DESCRIPTION OF SYMBOLS 1 ... Partition wall 2 ... Opening 3 ... Flower pot 5 ... Surface wall layer 6 ... Weight layer 7 ... Drain 10 ... Skeleton 10A ... Reinforcing bar (wire) 11 ... Mesh wall 11A ... Wire mesh (sheet mesh)

Claims (5)

[Claims] 1. A skeleton formed by combining wire rods into a required shape as a whole, a net-like wall body having a hollow inside formed by attaching a sheet-like net body around and around the skeleton, and a surface of the net-like wall body.

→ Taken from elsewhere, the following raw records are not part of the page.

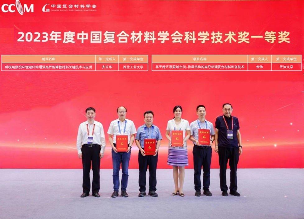 本站讯(材料学院供稿)2024年7月27日,2023年中国复合材料学会科学技术奖颁奖典礼在新疆乌鲁木齐国际会展中心举行。中国复合材料学会荣誉理事长、中国工程院院士杜善义教授和中国复合材料学会第八届理事会理事长、中国工程院院士、东华大学校长俞建勇教授共同为获得2023年度中国复合材料学会科学技术一等奖获奖者颁奖(全国共计两项)。其中,天津大学封伟教授因在导热复合材料方面的显著成就,以第一单位完成人身份荣获2023年度中国复合材料学会科学技术一等奖,项目名称为“基于跨尺度限域空间-异质结构的高导热碳复合材料制备技术”。
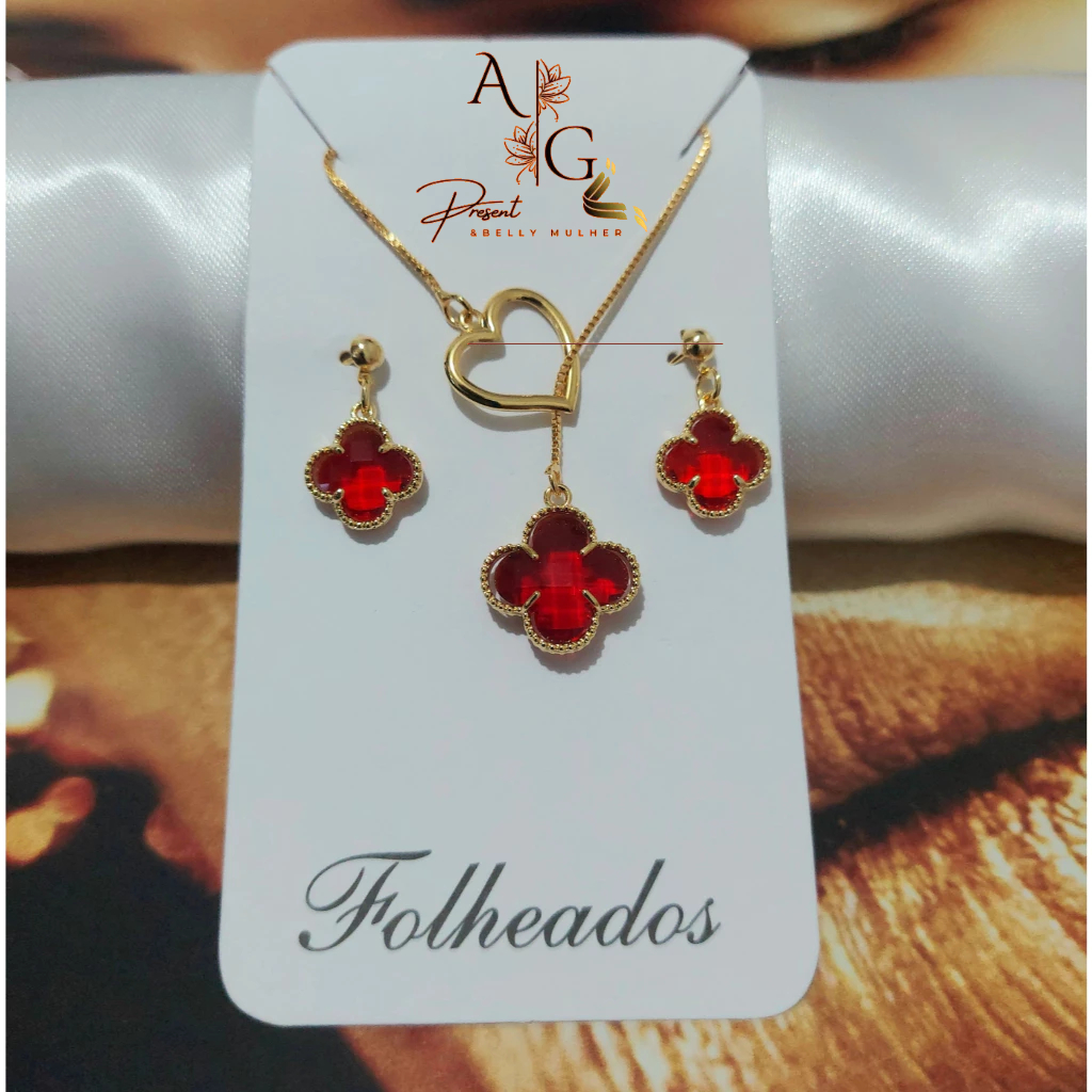 Conjunto Gravatinha Designer Flor com Pedra Cristal e Resinada Colar e Brincos Femininos Folheados a Prata925 e Ouro 18k
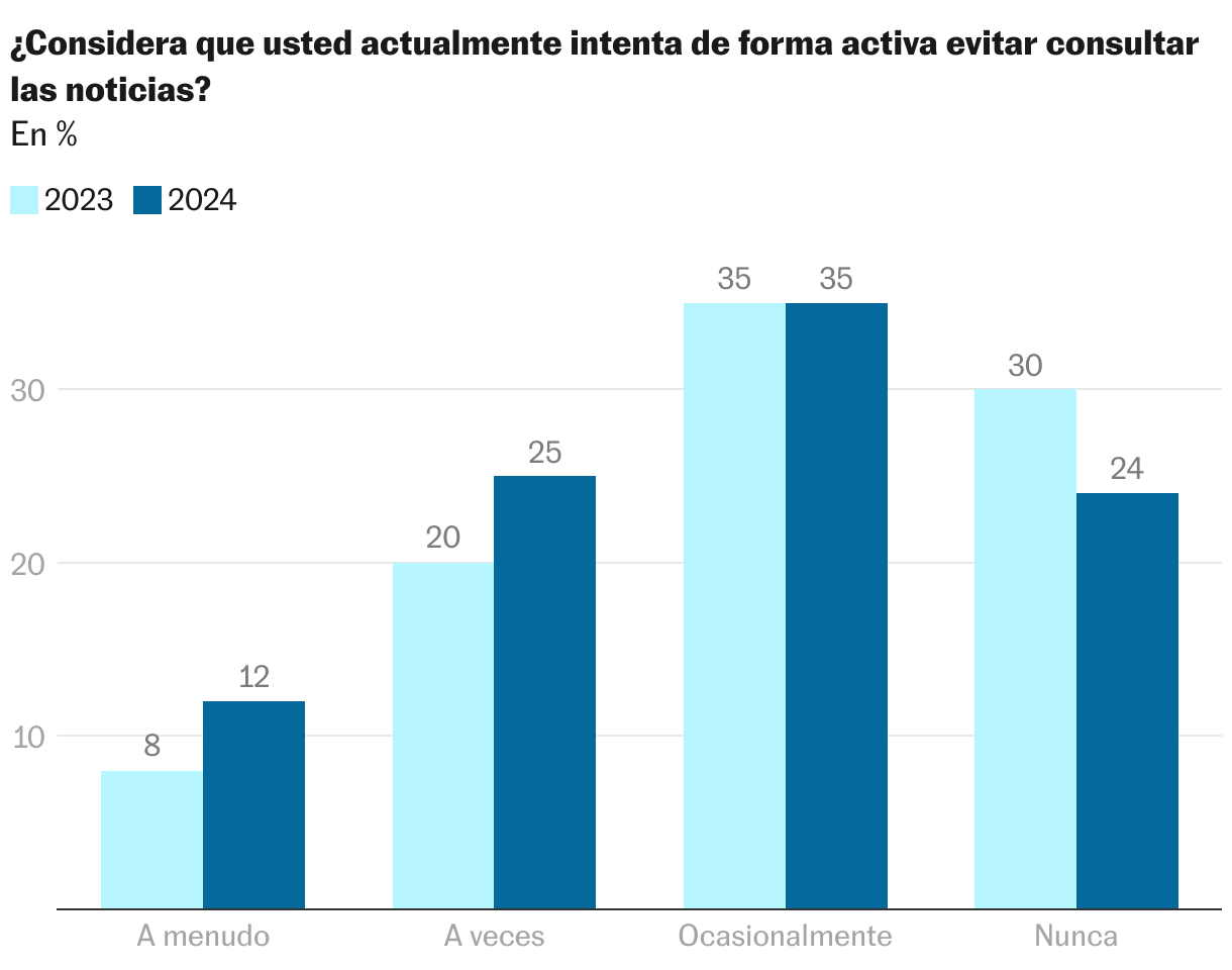 En pleno súper año electoral que avanza en la mitad del planeta y disemina sus estragos por la Unión Europea mientras persisten las guerras en Ucrania y Gaza, el desinterés por la información alcanza un récord histórico global. Así lo refleja el nuevo informe anual sobre noticias digitales que elabora el Instituto Reuters para el Estudio del Periodismo. Según el estudio que esta entidad de la Universidad de Oxford ha hecho público en la madrugada de este lunes, cuatro de cada diez encuestados evita las noticias con frecuencia. La cifra llega al 39% y supera en un punto porcentual al anterior récord de aversión registrado por este análisis en 2022. Además, supone un crecimiento de tres puntos respecto al año anterior y diez más del 29% que manifestaba la misma tendencia en 2017. En España, el desapego crece ocho puntos durante los últimos doce meses y alcanza el 37%. El latente problema de la desinformación es una de las causas del desinterés generalizado.
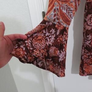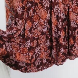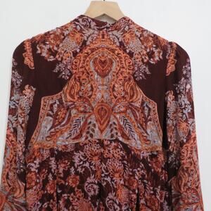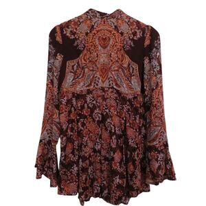 Free People high neck long sleeve top in burgundy red. High neck cut op with long statement sleeves. Long tunic style top. Floral pattern.
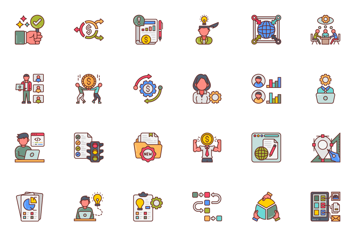 - Includes AI, EPS, PDF, JPG, SVG (separate for each icon), PNG File (64 px, 128 px, 256 px, 512 px) formats for compatibility with various design tools and platforms.
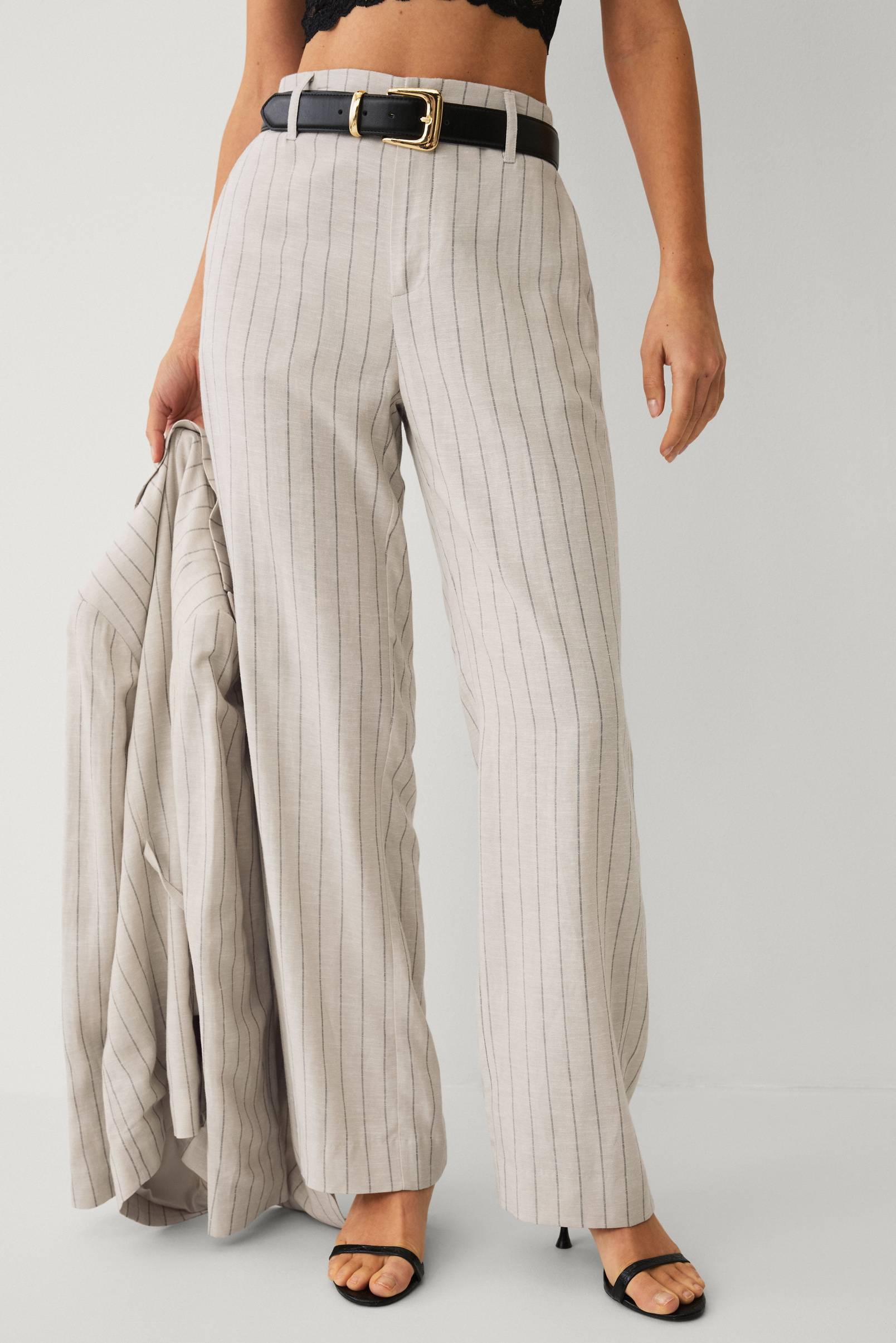 • Smalrandiga byxor i linnemix
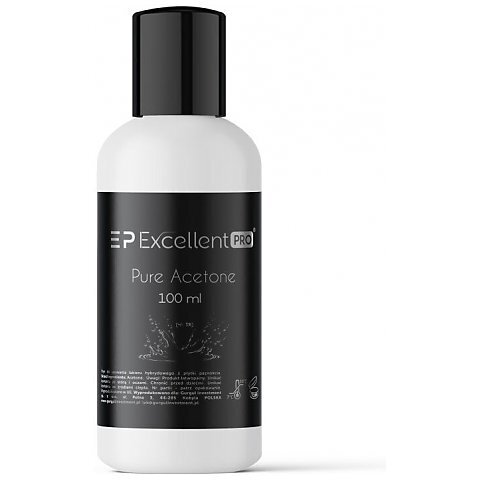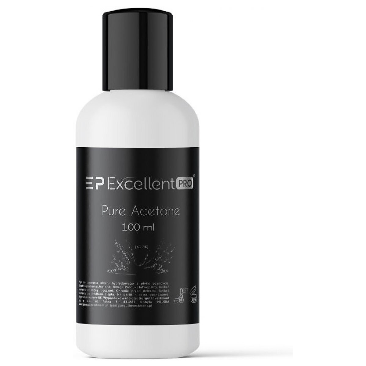 Excellent PRO Pure Acetone - to aceton 100%, bez dodatku wody oraz innych substancji zapachowych. Wysokiej jakości płyn do zdejmowania manicure hybrydowego oraz zmiękczania żelu. Świetnie sprawdzi się również do czyszczenia pędzelków usuwając pozostałości żelu lub lakieru hybrydowego.

An outer wall layer formed by applying an outer wall material such as mortar to the partition wall. 2. The partition wall according to claim 1, wherein a flower pot having a water draining hole that opens toward the inside of the mesh wall body is provided in the bottom portion integrally with the outer wall layer. 3. The partition wall according to claim 1, wherein a weight layer made of concrete or the like is provided on an inner bottom portion of the mesh wall body. 4. A flower pot having a drainage hole that opens toward the inside of the mesh wall body is provided integrally with the outer wall layer, and a weight layer made of concrete or the like is provided on the inner bottom portion of the mesh wall body. The partition wall according to claim 1, wherein the weight layer is provided with a drain for draining water from the drain hole to the outside of the mesh wall body. 5. A wire frame is combined to form a skeleton of a desired shape as a whole, and then a sheet-like net body is wrapped around the skeleton frame to form a net wall body having a hollow interior and an opening at the top. Next, concrete or the like is poured into the mesh wall body to provide a weight layer on the inner bottom portion of the mesh wall body, and then the sheet mesh body forming the mesh wall body is bent to close the opening. Then, a method of manufacturing a partition wall, characterized in that an outer wall material such as mortar is applied to the surface of the mesh wall body with the opening closed to form an outer wall layer.